SOURCE MATERIAL:
......
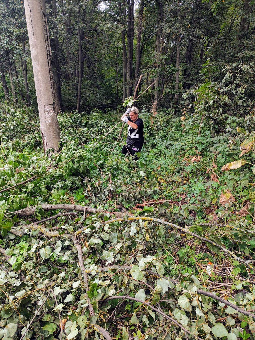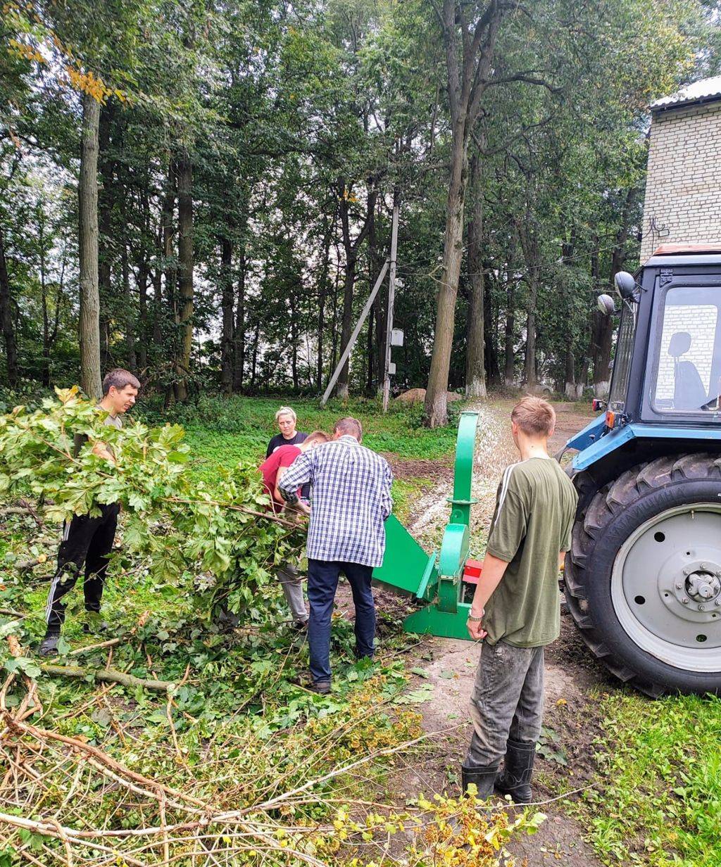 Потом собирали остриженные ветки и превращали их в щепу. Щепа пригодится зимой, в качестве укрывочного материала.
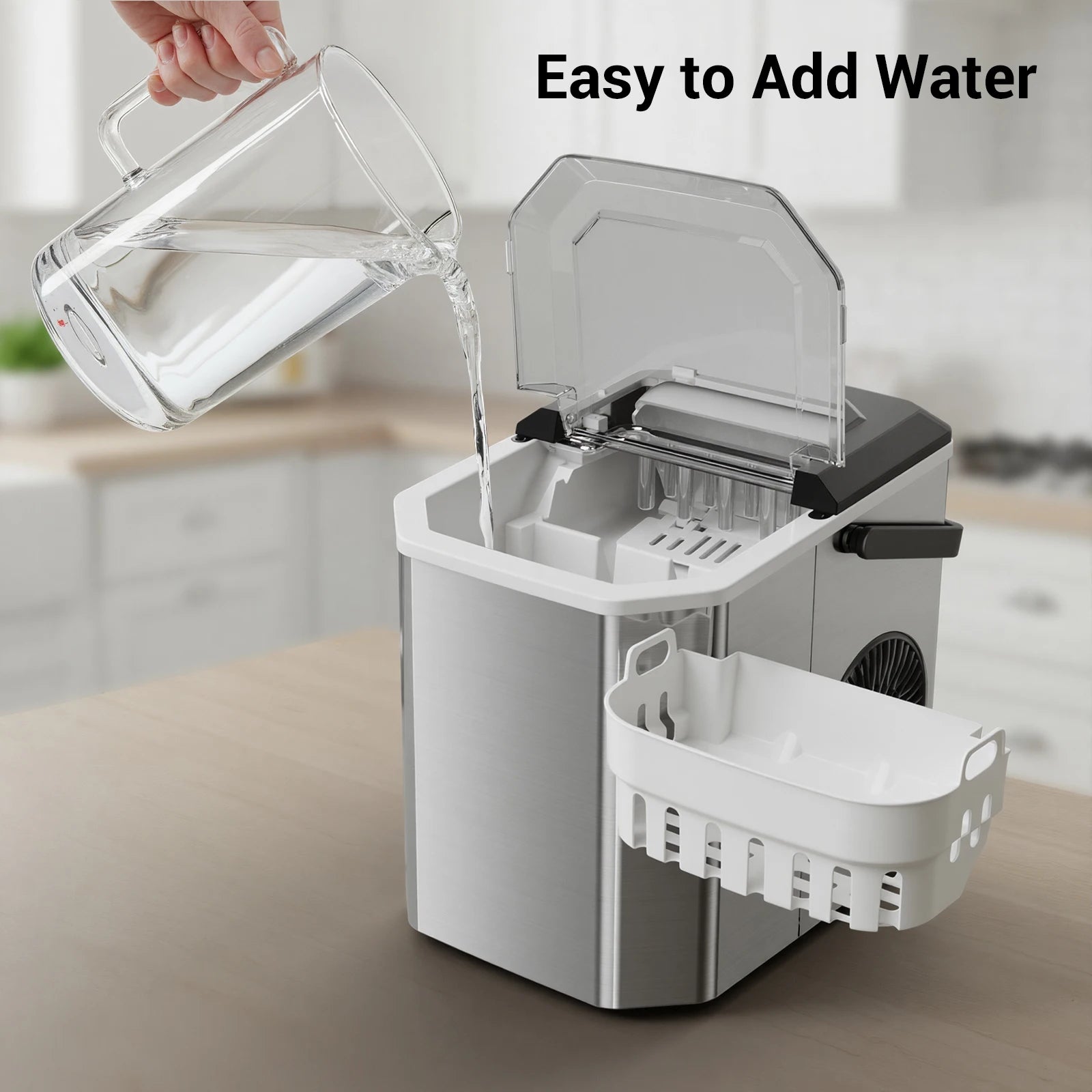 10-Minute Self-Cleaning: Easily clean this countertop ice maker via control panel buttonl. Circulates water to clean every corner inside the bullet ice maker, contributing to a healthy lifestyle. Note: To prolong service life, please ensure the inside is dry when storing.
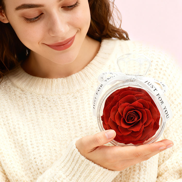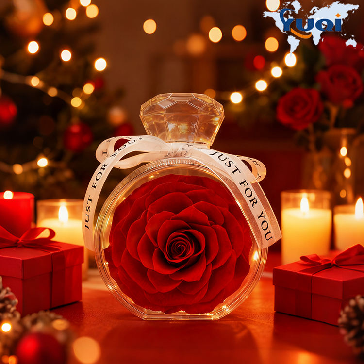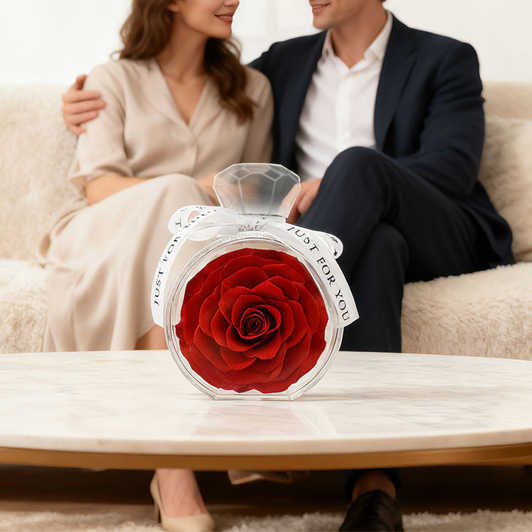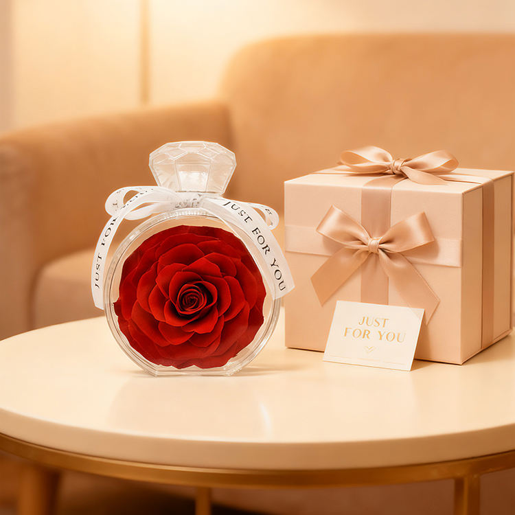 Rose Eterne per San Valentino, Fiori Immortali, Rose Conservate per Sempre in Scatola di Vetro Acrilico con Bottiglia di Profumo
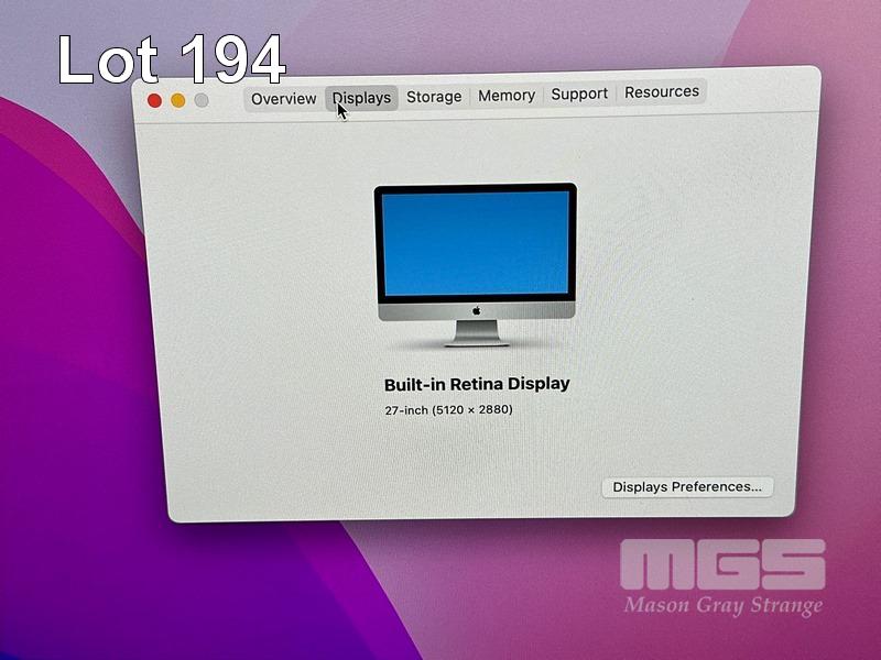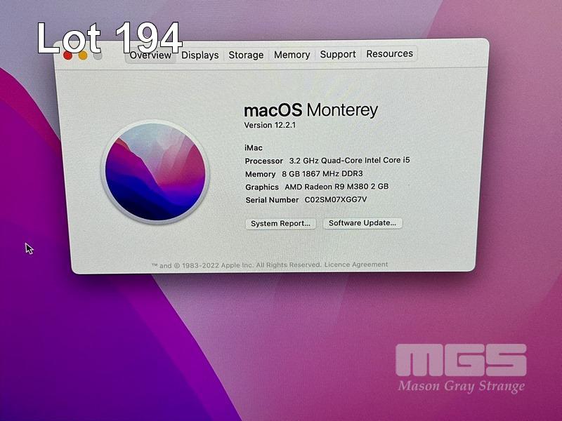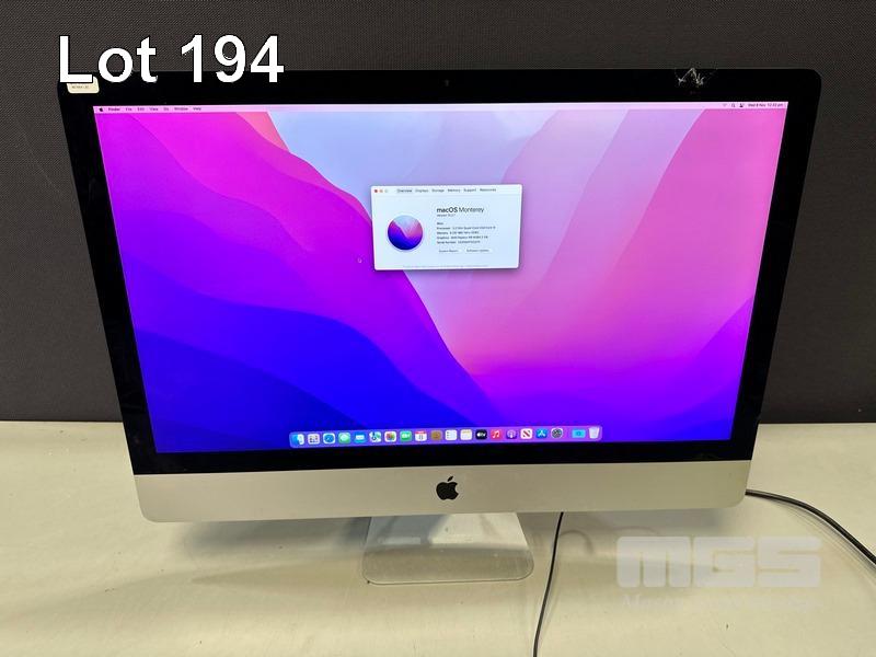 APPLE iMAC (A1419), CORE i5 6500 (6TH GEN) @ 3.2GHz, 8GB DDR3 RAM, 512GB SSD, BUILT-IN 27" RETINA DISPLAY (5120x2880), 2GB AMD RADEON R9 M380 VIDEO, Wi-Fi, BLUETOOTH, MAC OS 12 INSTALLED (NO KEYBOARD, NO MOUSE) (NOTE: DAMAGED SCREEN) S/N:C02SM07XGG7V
......
TASK ITEM:
Write out, exactly and only, the lines from the one containing "Rose Eterne per" through the last line of the material above. Pictures do not go in the copy.

FINISHED TASK:
 Rose Eterne per San Valentino, Fiori Immortali, Rose Conservate per Sempre in Scatola di Vetro Acrilico con Bottiglia di Profumo
 APPLE iMAC (A1419), CORE i5 6500 (6TH GEN) @ 3.2GHz, 8GB DDR3 RAM, 512GB SSD, BUILT-IN 27" RETINA DISPLAY (5120x2880), 2GB AMD RADEON R9 M380 VIDEO, Wi-Fi, BLUETOOTH, MAC OS 12 INSTALLED (NO KEYBOARD, NO MOUSE) (NOTE: DAMAGED SCREEN) S/N:C02SM07XGG7V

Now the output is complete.